Posté par dentisfuturis le 9/5/2012 21:10:25 (75 lectures)
| L'Unocam (union des complémentaires) a refusé aujourd'hui de s'engager sur un meilleur remboursement des prothèses et de l'orthodontie pour les revenus modestes, tout en acceptant de signer un avenant à la convention des dentistes, selon une délibération adoptée par son conseil.
A l'issue des négociations le 12 avril, l'assurance maladie avait proposé à la signature un avenant à la convention des dentistes et un protocole d'accord pour plafonner les tarifs des prothèses et de l'orthodontie.
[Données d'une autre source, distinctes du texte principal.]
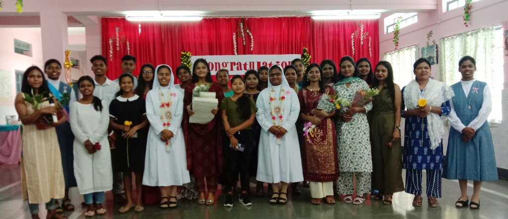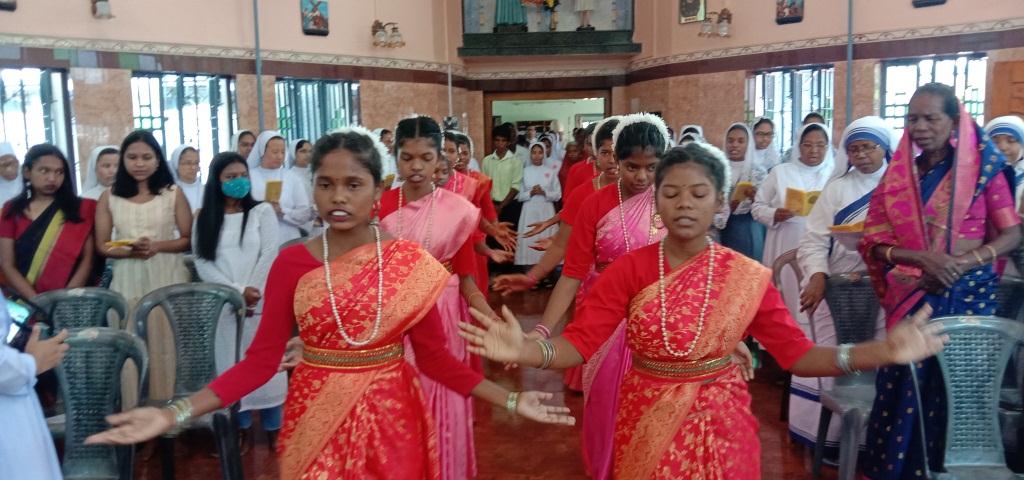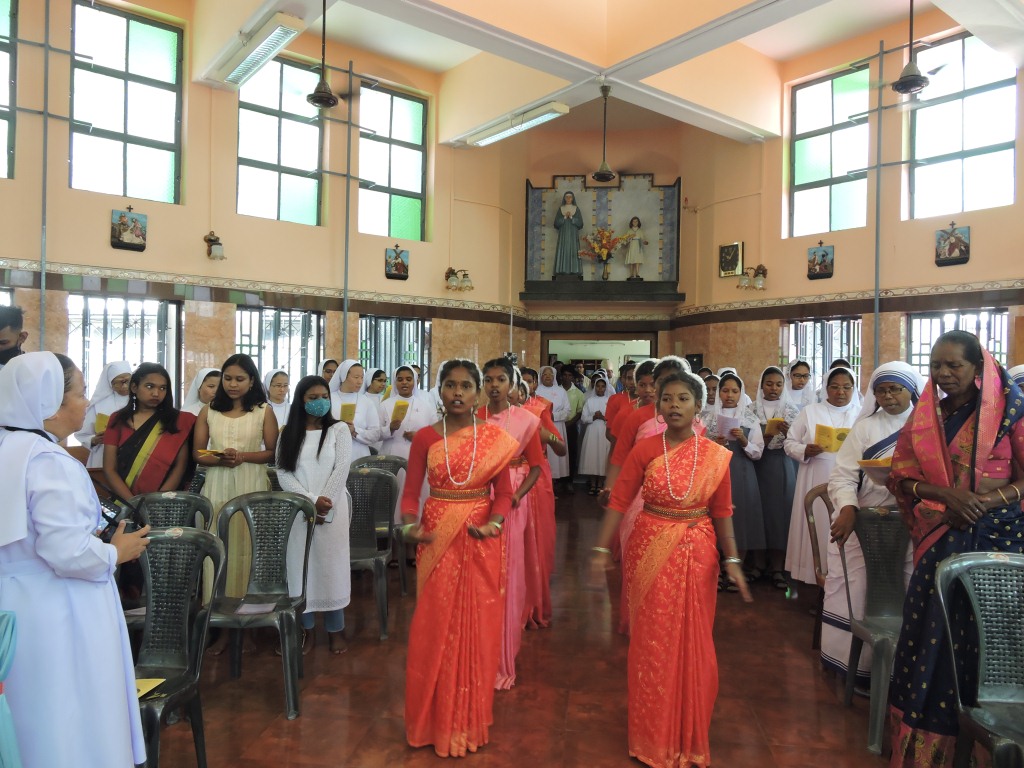 The Holy Mass was celebrated by Most Rev. Vincent Aind, of the Archdiocese of Ranchi, who delivered a heartfelt homily highlighting the importance of Religious life. He spoke of the Divine calling to serve God, who called us before the foundation of the world, consecrated and set us apart, to proclaim good news to others. He mostly emphasised Isaiah 61:1‘The Lord God has put his Spirit in me, because the Lord has appointed me to tell the good news to the poor. He has sent me to comfort those whose hearts are broken, to tell the captives they are free, and to tell the prisoners they are released. The Archbishop’s word deeply resonated with the newly professed sisters as they made their first Vows, embracing a life of sacrifice, commitment and devotion. The liturgical celebration was further enhanced by a beautiful choir, led by the past pupils of Mazzarello Convent School, whose hymns of praise filled the air with joy, reflecting the sacredness of this momentous occasion. Following the Mass, the sisters were presented with tokens of love and appreciation. The sisters, Novices, ADMA members and the parents of newly professed Sisters added colour to the celebration by singing festive songs and dances to make it a more memorable event.

Les complémentaires ont refusé de signer ce protocole visant à un meilleur remboursement des prothèses et de l'orthodontie pour les 3,5 millions de personnes éligibles à l'Aide à la complémentaire santé (ACS) qui ont des revenus modestes.
L'Unocam justifie son refus en évoquant une autre négociation prévue avec l'Etat sur les contrats pour les bénéficiaires de l'ACS. Il s'agissait pourtant là d'un des enjeux majeurs des négociations engagées début mars par l'assurance maladie qui proposait aux dentistes de faire un effort sur les prix et aux complémentaires de mieux rembourser ces soins.
Seule la Confédération nationale des syndicats dentaires (CNSD, majoritaire) avait signé le protocole d'accord à l'issue des négociations. Mais, en l'absence de participation des complémentaires, le protocole a peu de chances d'être appliqué.
En revanche, les complémentaires ont accepté de signer l'avenant qui concerne la permanence des soins dentaires, le développement de la prévention chez les femmes enceintes, la revalorisation de l'acte de prévention (30 euros) ou l'augmentation de la consultation des chirurgiens-dentistes à 23 euros (contre 21 actuellement).
Dans sa délibération, l'Unocam précise qu'elle "sera signataire" de ce texte "même si celui-ci n'est pas à la hauteur des enjeux du secteur dentaire", tout en déplorant "la précipitation dans laquelle cette négociation s'est déroulée".
Le texte a été signé le 16 avril par la CNSD. Un autre syndicat, la FSDL (Fédération des syndicats dentaires libéraux), a refusé de le signer, tandis qu'un troisième, l'UJCD (Union des jeunes chirurgiens dentistes), qui avait claqué la porte des négociations, prendra officiellement sa décision le 21 juin. Ce texte devrait entrer en vigueur dès sa publication au Journal officiel.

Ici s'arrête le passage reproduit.